GIVEN RECORDS:
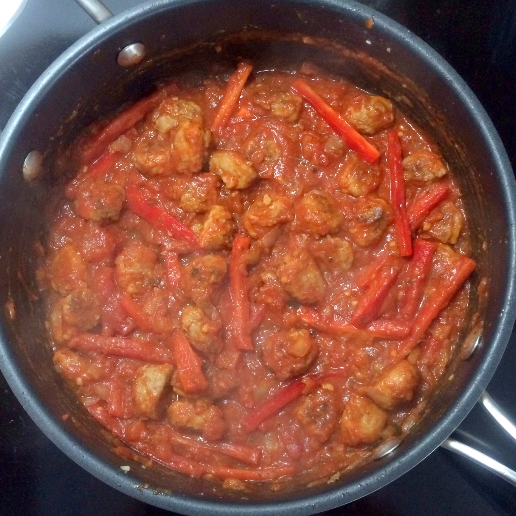 Heat a large skillet over medium-high heat. Add sausage to pan; cook 2 minutes or until lightly browned, stirring occasionally. Add onion and garlic; cook 1 minute. Add marinara, bell pepper, and black pepper; bring to a boil. Reduce heat, and simmer 6 minutes or until bell pepper is crisp-tender.
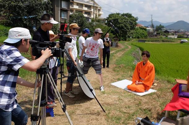 そしてこの写真は、Eスクールのカリキュラムの中で、"ふるさと納税"をPRする動画作品の制作のため、受講生らが現地でロケをおこなっている様子です(落語家さんは学生チャンピオンの四笑亭笑ん太さん)。
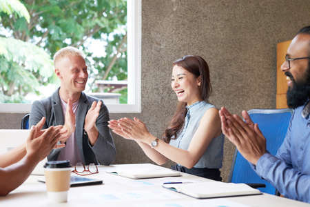 Group of smiling business people clapping hands while sitting at the table during a business meeting
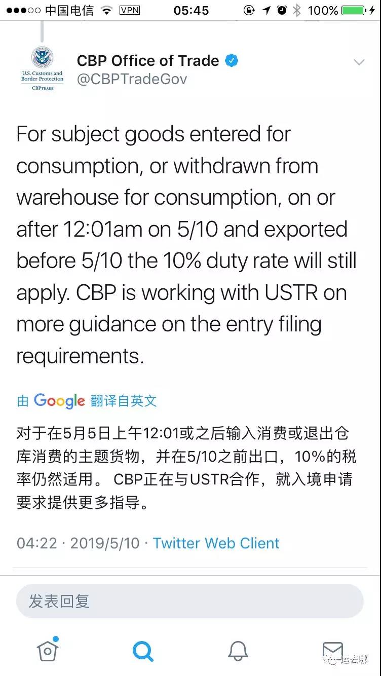 根据cbp的说法,只要在5月10日前从中国出口了,即使货物还未抵港,仍可按照10%税率征收!
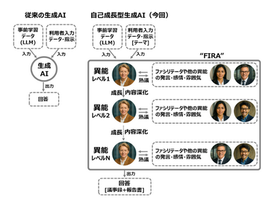 株式会社ハピネスプラネット(以下、ハピネスプラネット)と株式会社日立製作所(以下、日立)は、複数のAIエージェントが議論することで、自律的により深い洞察や創造的な視点を生み出していく自己成長型生成AIを共同開発しました。また、ハピネスプラネットは、開発した生成AIを活用した自己成長型AIサービス「Happiness Planet FIRA*1」(以下、FIRA(フィーラ))を、8月26日(火)より提供開始します。
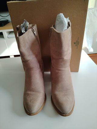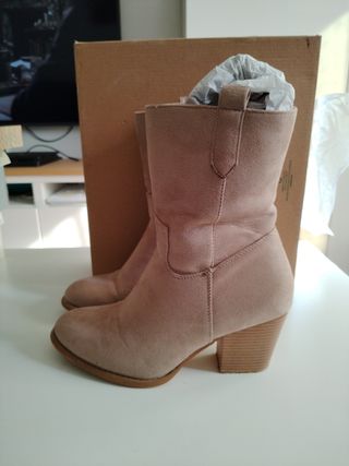 Botas de estilo casual en color camel. El material exterior es ante. - Cierre de cremallera lateral. - Tacón bajo y ancho. - Punta fina.
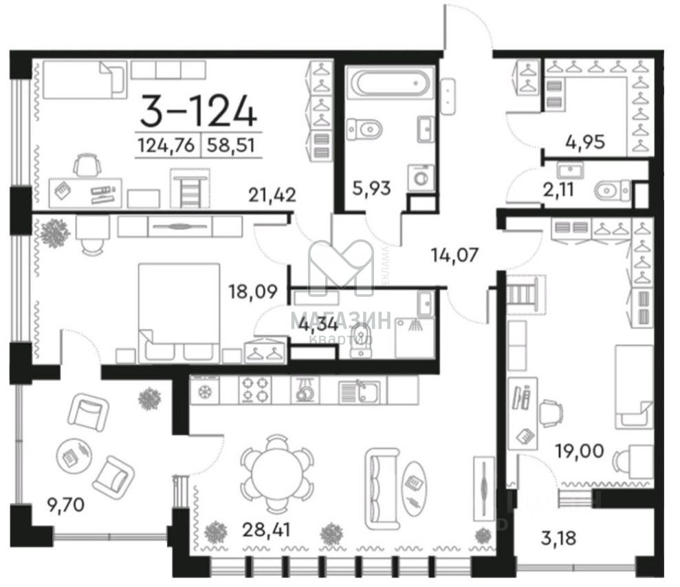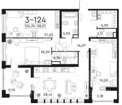 - Жилая - 3 спальни - 58.5 м2
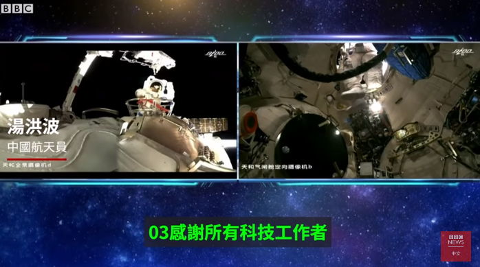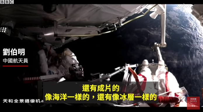 视频显示,BBC中文网还在画面中使用了航天员出舱时讲话的原声。↓
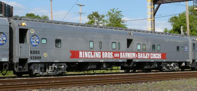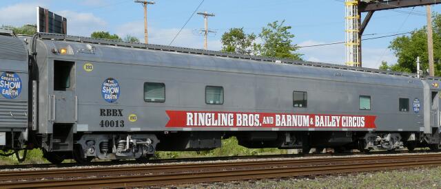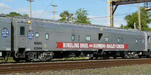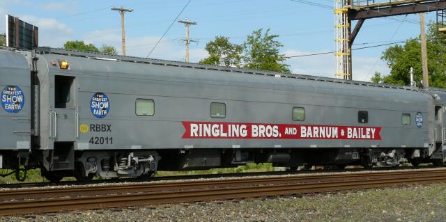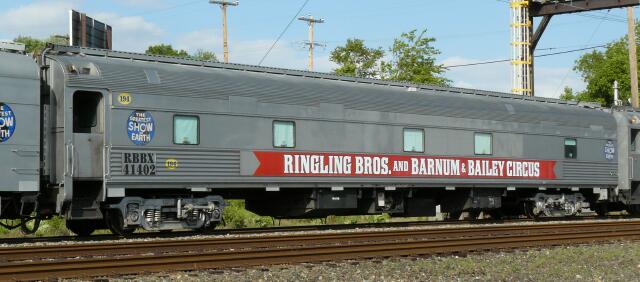 The Ringling Brothers and Barnum & Bailey Circus Blue Unit - one car at a time with car information verified by Rhett Coates of Circus Train Yahoogroup and gleaned from various sources including 1999 RBBX Car Roster and UP Passenger Car Roster . |
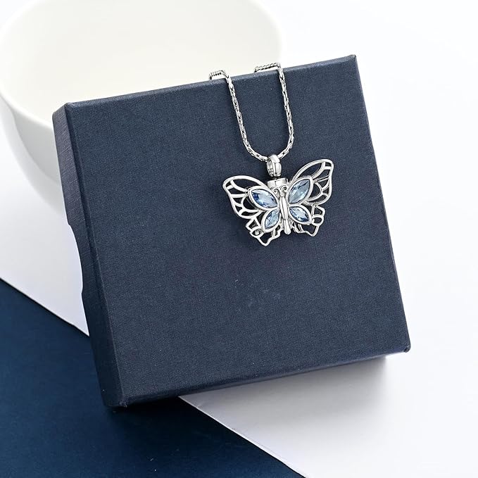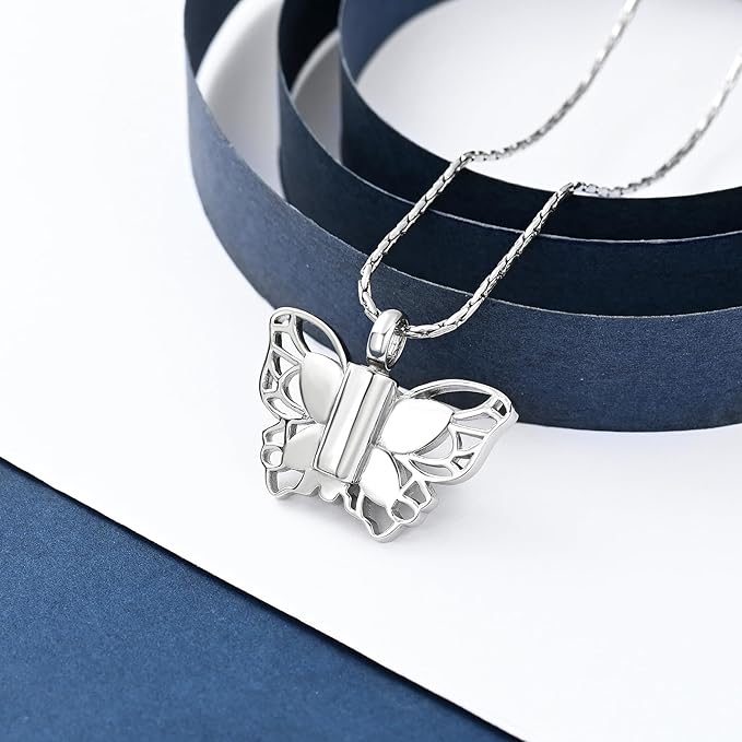 [QGJNSGC] 遺灰の火葬ジュエリーネックレスメモリアルロケットペンダント瓶の記念品のネックレスのための蝶骨壷のネックレス
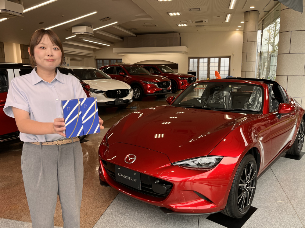 本日入ってきた展示車のロードスターと一緒に写ってもらいました!
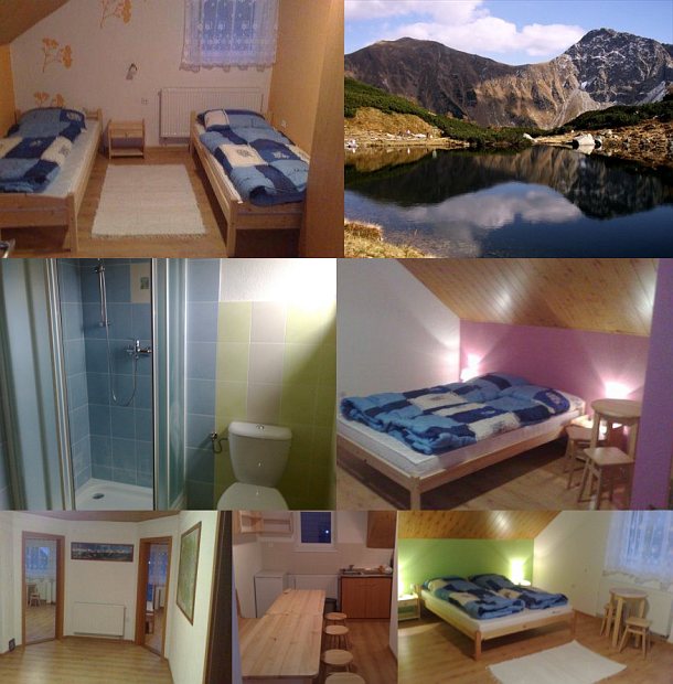 Ubytování: Nový rodinný dom s 2- a 3-lôžkovými izbami, na samostatnom podlaží. Rozdelenie izieb: 1x2-lôžková izba se soc. zariadením, 1x3-lôžková izba se soc. zariadením a balkónom, 1x2-lôžková izba, 1x3-lôžková izba s balkónom (pre posledné dve je spoločné soc. zariadenie). Spoločná kuchyňa, spoločenská miestnosť.
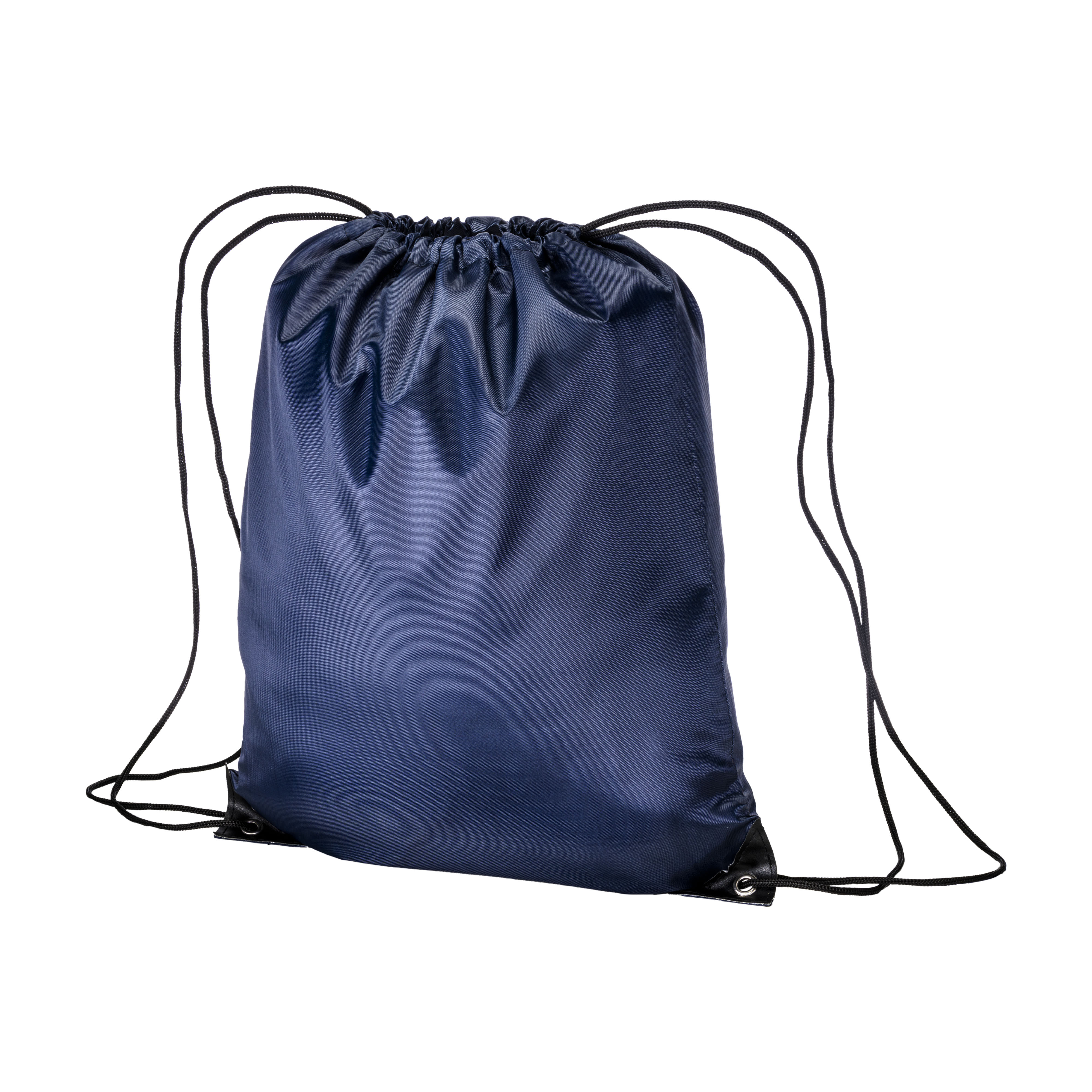 Mochila de color liso fabricada en poliéster 210T. Equipada con esquinas reforzadas, anillas metálicas y cierre de gargantilla con doble cordón negro. Dimensiones de la mochila: 34,5 x 42 cm
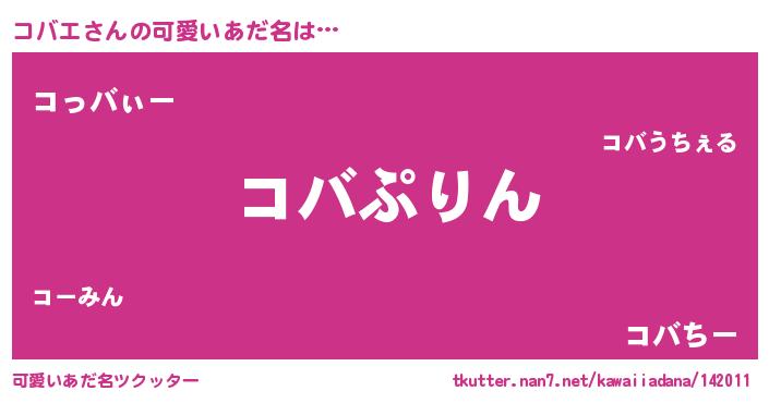 | ヒーロー風カッコイイあだ名 | 『魔戒騎士コバ』『ウルトラコバエマン』 |
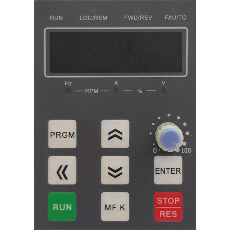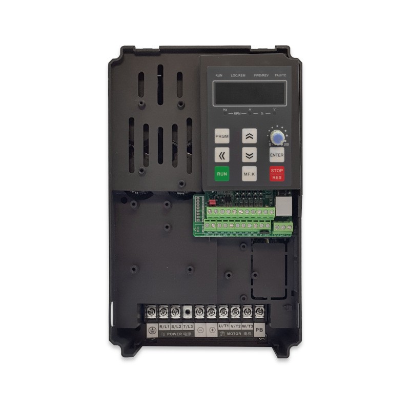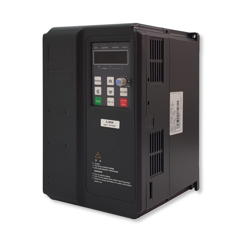 Con este variador de frecuencia se puede convertir la corriente monofásica a 220V a trifásica 380 V para poder conectar motores eléctricos 380 V que no tengan la posibilidad de conectarse a corriente trifásica 220V.

WHAT TO DO: Your output should consist solely of the lines from the line containing "Botas de estilo" through the last line of the entries, verbatim, minus any pictures.

TASK SOLUTION:
 Botas de estilo casual en color camel. El material exterior es ante. - Cierre de cremallera lateral. - Tacón bajo y ancho. - Punta fina.
 - Жилая - 3 спальни - 58.5 м2
 视频显示,BBC中文网还在画面中使用了航天员出舱时讲话的原声。↓
 The Ringling Brothers and Barnum & Bailey Circus Blue Unit - one car at a time with car information verified by Rhett Coates of Circus Train Yahoogroup and gleaned from various sources including 1999 RBBX Car Roster and UP Passenger Car Roster . |
 [QGJNSGC] 遺灰の火葬ジュエリーネックレスメモリアルロケットペンダント瓶の記念品のネックレスのための蝶骨壷のネックレス
 本日入ってきた展示車のロードスターと一緒に写ってもらいました!
 Ubytování: Nový rodinný dom s 2- a 3-lôžkovými izbami, na samostatnom podlaží. Rozdelenie izieb: 1x2-lôžková izba se soc. zariadením, 1x3-lôžková izba se soc. zariadením a balkónom, 1x2-lôžková izba, 1x3-lôžková izba s balkónom (pre posledné dve je spoločné soc. zariadenie). Spoločná kuchyňa, spoločenská miestnosť.
 Mochila de color liso fabricada en poliéster 210T. Equipada con esquinas reforzadas, anillas metálicas y cierre de gargantilla con doble cordón negro. Dimensiones de la mochila: 34,5 x 42 cm
 | ヒーロー風カッコイイあだ名 | 『魔戒騎士コバ』『ウルトラコバエマン』 |
 Con este variador de frecuencia se puede convertir la corriente monofásica a 220V a trifásica 380 V para poder conectar motores eléctricos 380 V que no tengan la posibilidad de conectarse a corriente trifásica 220V.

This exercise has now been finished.